Emily started with severe painful periods while
in high school, then going on the birth control pill had reduced her pain and
she had pain-free periods. However, this had covered up the fact that she had
endometriosis. After having a laparotomy,
it was revealed that she had severe scaring and adhesions throughout her
Emily's story .....
I was diagnosed with endometriosis at age 26, much to my surprise. I had severe menstrual cramps for part of my high school years that usually left me going home from the nurse's office once a month. At home I would take several Motrin at a time, lie in scalding hot water, get red welts on my skin from a too hot heating pad, and lie in bed in strangely contorted positions.
Whether or not these symptoms are a sign of endometriosis, I'll never know. Over two years I had experienced a dramatic increase in weight gain, and a decrease in energy and libido. I thought the weight gain was because I had started napping instead of exercising. I never thought that this may have any real hormonal connection. Later, I had recurring yeast infections that I never had problems with before.
I was still having pain-free periods since going on the pill at age 17. Then all of a sudden in November things changed. I had a routine gyno appointment with nothing unusual noted. The following day I awoke with a dull ache in my left ovary area and lower back.

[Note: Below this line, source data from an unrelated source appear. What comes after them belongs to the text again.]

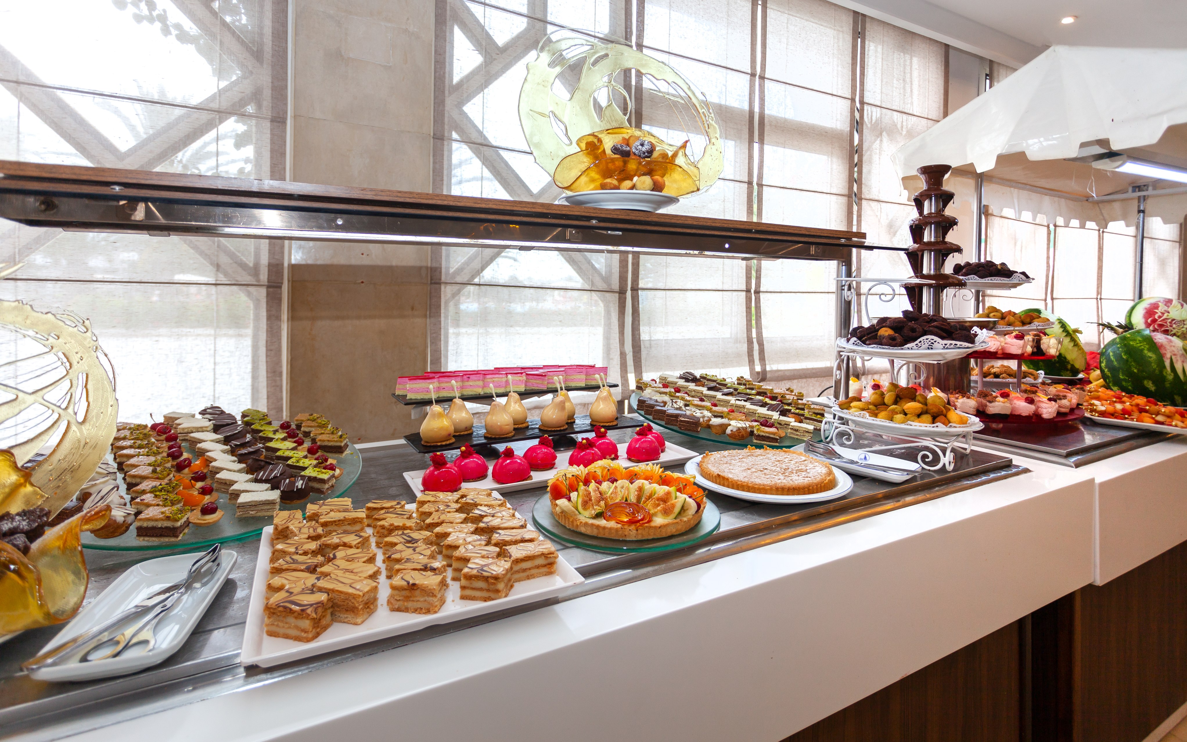 Основен ресторант Mimosa, а ла карт ресторант El Fell (платен, 1 безплатно посещения на престой, след предварителна резервация), барбекю ресторант на плажа, лоби бар Camelia, бар Dahlia (срещу заплащане), бар басейн, бар на плажа, Таласо център, открит басейн, закрит басейн, закрит басейн с морска вода в Таласо центъра (срещу заплащане), анимация, денонощна рецепция, 3 конферентни зали, обмяна на валута, магазин.
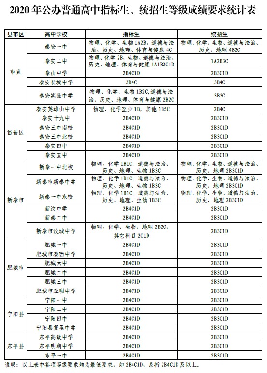 关于公布2020泰安公办普通高中指标生统招生等级成绩要求的通知
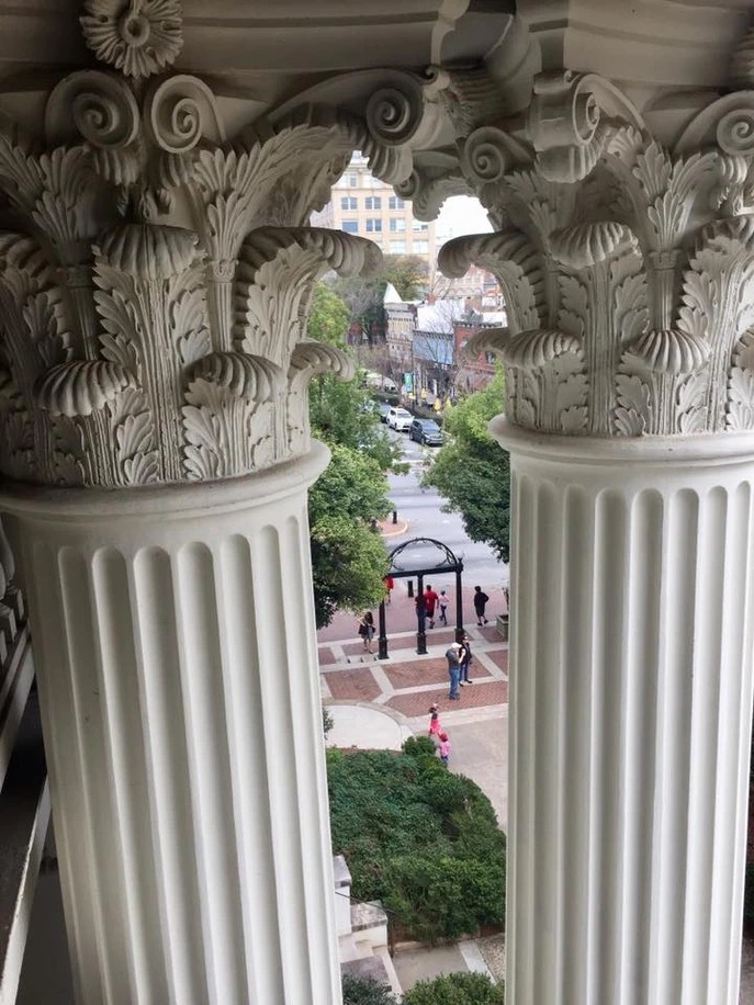 She took one last look at me, gazing lustily, and walked away, never to see me again. She became my first love. I promised never to look at another woman as I did at this dazzling sight. But then, what would I know about a human emotion? After all, I am just a stately column supporting the Rotunda.

I used a portable heating pad and the ache was gone by lunch. I also had another infection. The next week I began my period and upon waking I knew something was wrong. I had severe aches from my left hip to my toes, vomiting and diarrhoea.

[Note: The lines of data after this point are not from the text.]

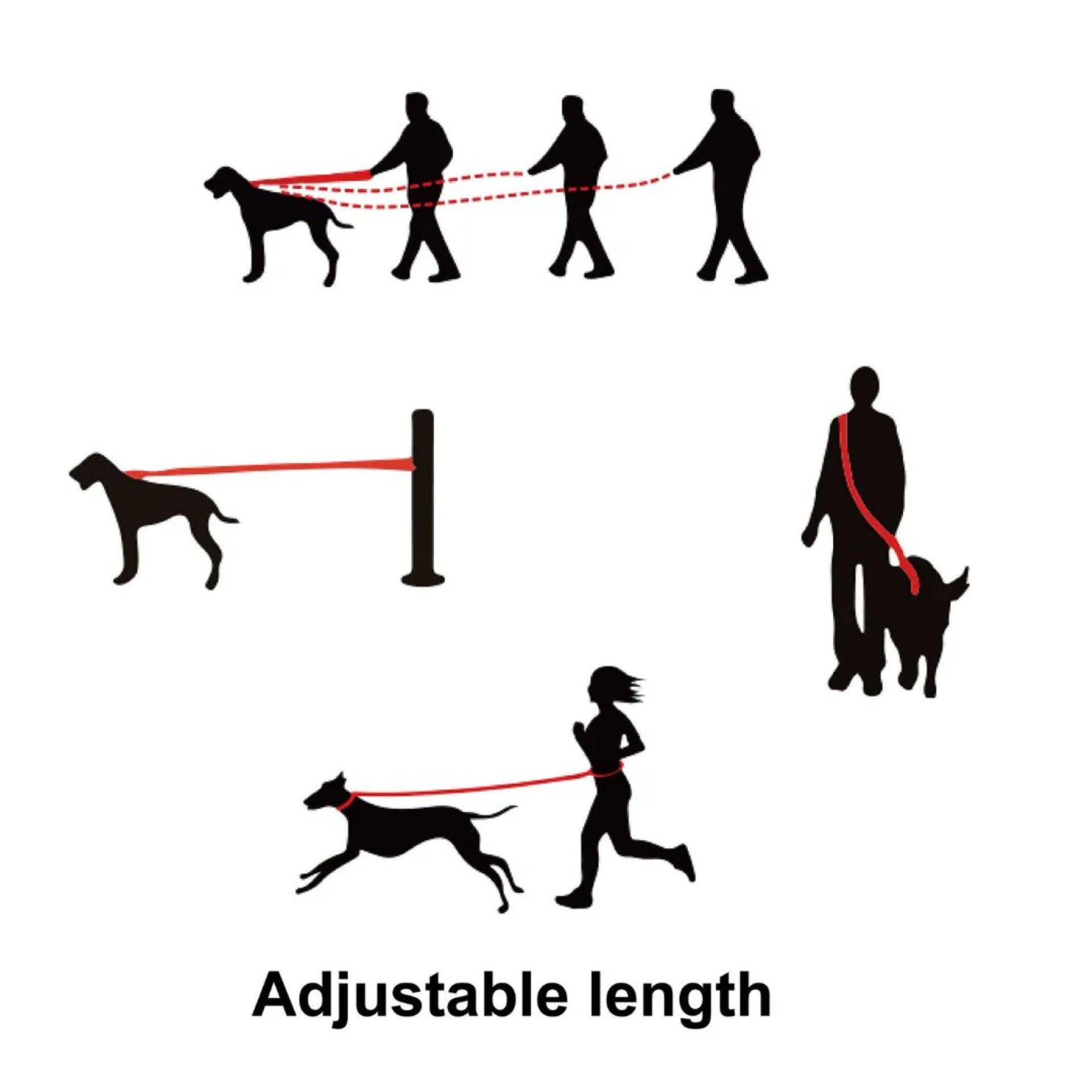 Attach the snap hook to your dog’s harness or collar. Adjust the leash position using the quick-release buckle. Ideal for walks, hikes, and active training.
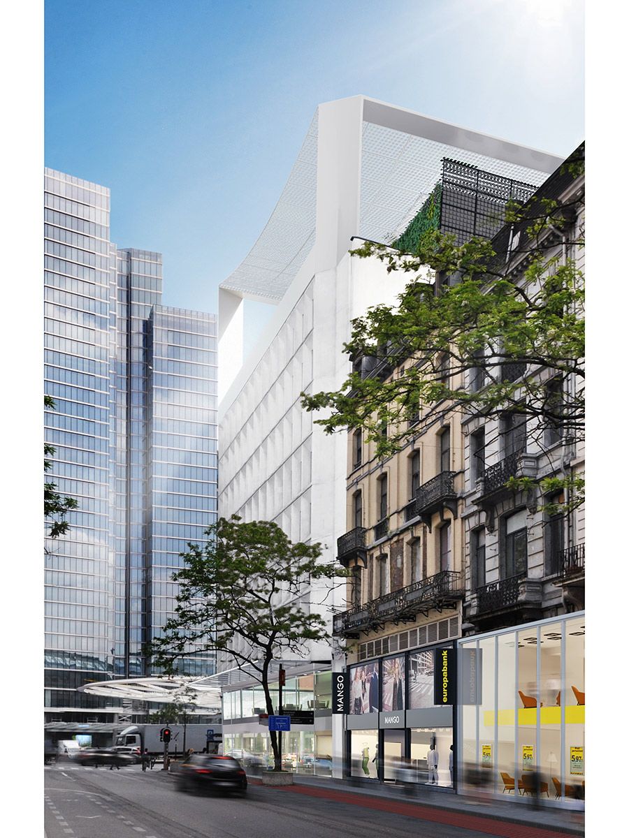 Début 2016, le maître d’ouvrage Botarogiercenter/Stephano Immo lance un concours restreint entre plusieurs bureaux d’architectes ayant pour objectif de réinventer son immeuble faisant face à la Place Rogier et formant les angles de la Rue Neuve et du Boulevard Adolphe Max avec la petite ceinture de Bruxelles. La proposition devra être novatrice et emblématique d’une volonté de changement. C’est le projet de Sunsoak design / Ney & Partners qui a été retenu et qui sera le premier ouvrage des architectes et ingénieurs de Laurent Ney avec le bureau Sunsoak spécialisé en architecture solaire. Fondé par Jean-Didier Steenackers, il est aujourd’hui intégré au bureau Ney & Partners.
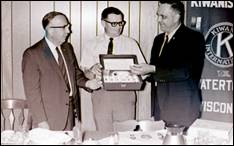 Kiwanis donation to Watertown Police Department. Erich Bartell, Kiwanis Lieutenant Governor and Kiwanian John Himrich. Sergeant Richard Reynolds of the Police Department.
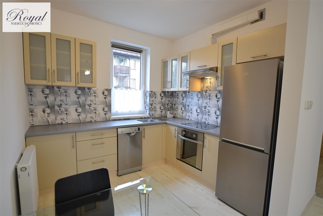 Mieszkanie dobrym stanie technicznym, umeblowane, kuchnia w zabudowie wraz ze sprzętem AGD (lodówka, zmywarka, piekarnik, płyta grzewcza), w salonie sofa, stół jadalny z krzesłami, w sypialni łóżko i garderoba, łazienka w nowoczesnej glazurze z kabiną prysznicową i pralką.
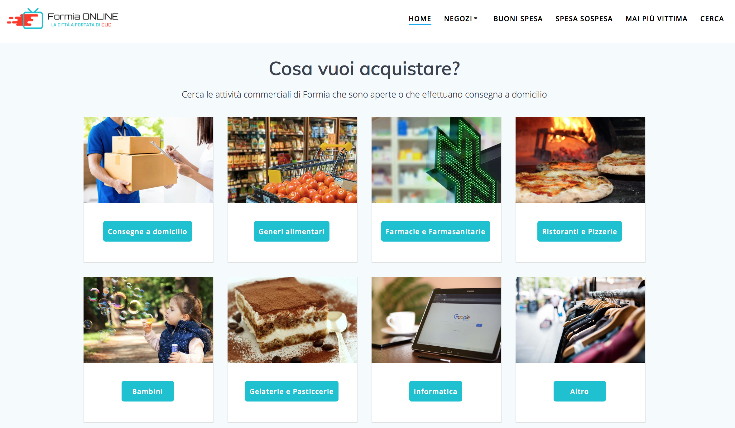 Formiaonline.it permette di contattare le attività commerciali di Formia che hanno aderito al progetto mettendo a disposizione i propri contatti per la richiesta delle merci a domicilio. Inoltre tramite il portale è possibile accedere alla consegna delle mascherine da parte del Comune di Formia, scoprire come donare la spesa sospesa oppure beneficiarne e come richiedere i buoni spesa e i bonus affitti. Sul sito è presente un articolo sull’associazione “Mai più vittima” che supporta attualmente diversi casi di violenza domestica verso donne e minori.
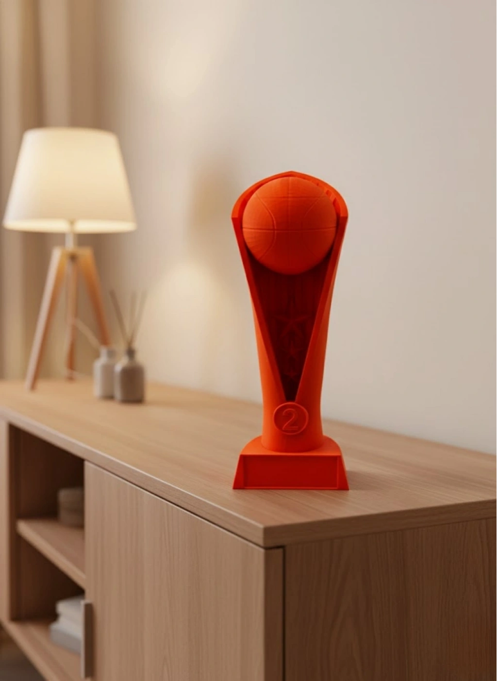 Turuncu Kupa 23 cm, spor temalı dekor sevenlerin koleksiyonlarına güçlü bir ekleme yapmak isteyecekleri şık bir tasarımdır. Parlak turuncu rengi, dikkat çekici duruşu ve basketbol toplu üst bölümü ile ortama modern bir enerji katar. Hafif ancak sağlam yapısıyla kolayca taşınabilir ve her yüzeyde dengede durur. Evde raf üzerinde, ofiste masa üzerinde veya spor alanlarında dekoratif obje olarak sergilenebilir. Ayrıca spor tutkunu çocuklar için motive edici bir masaüstü aksesuarı olarak da oldukça etkilidir. Doğum günü, özel gün veya spor temalı etkinliklerde hediye olarak verebileceğiniz estetik ve anlamlı bir seçimdir.

I tried to wait it out but became so sure I was dying that I had my husband take me to the ER. There, my temperature was 94 degrees; I looked like a total strung out person, and whatever medication they gave me was useless. The ultrasound showed a very large cyst and fluid around the left ovary. I was freezing and shaking off the gurney. By 5 pm I was no longer in agony, but totally freaked out.
A follow-up with my gyno revealed his suspicions and he suggested a laparotomy ASAP. I'm thankful for the 5" scar on by abdomen. The surgery revealed severe scarring and adhesion's to the abdomen, bladder, right ovary, uterus and intestines. The "chocolate cyst" on the left ovary required a complete removal of the ovary. He also noted extensive scarring in the right (good) ovaries fallopian.
A hysterosalpingogram showed complete blockage of the tube. How could this happen with no forewarning? I did 6 months of Lupron as treatment, lost tons of hair, had night sweats, hot flashes immediately. I started POP BCP once my cycle returned 8 months later. They made me miserable so I quit them. I was a hormonal, sad, irritated and hopeless wreck - all horrible symptoms.
I worried we'd have to pay large quantities of money to do IVF because of the scarring caused by endometriosis. I cried, why me and so on. However, 4 months after the return of my period, I was thrilled to find out I was pregnant. I feel the Lupron had a part to play in it.
My son was born healthy. However, I still wonder if the hair I'm suddenly losing 2 years after his birth is normal, or is the other ovary being ravaged. I still have more cramps than I would expect, but nothing a couple Motrin can't handle. But, now I have bloating symptoms during ovulation, and periods coming a couple days sooner than expected.
My mood and irritability are often more than I can bear and I feel like a monster. Is it just me, or from what I'm learning, Endometriosis could still be festering, running my immunity down and compromising my health? Is my libido low because of my struggles with weight and is the discomfort during sex because of having a baby? Am I this tired for some other reason than Endometriosis?
I read others' stories and feel out of place, because I feel my symptoms experience has been minimal in comparison. But not knowing what's going on with me for certain is making me crazy. Will endometriosis come back, will I be able to have another baby, Will I be in early menopause?
One thing I do know, is that the sudden pain that led me to diagnosis is far greater than natural childbirth. Since Endometriosis seemed to come so suddenly for me and has yet to rear its ugly head again, I do wait in constant fear of what-ifs. These stories have given me the realization that Endometriosis is more complex for me than I think and there are different ways to cope and be proactive that I never thought or was advised of. For those suffering ... My thoughts are with you.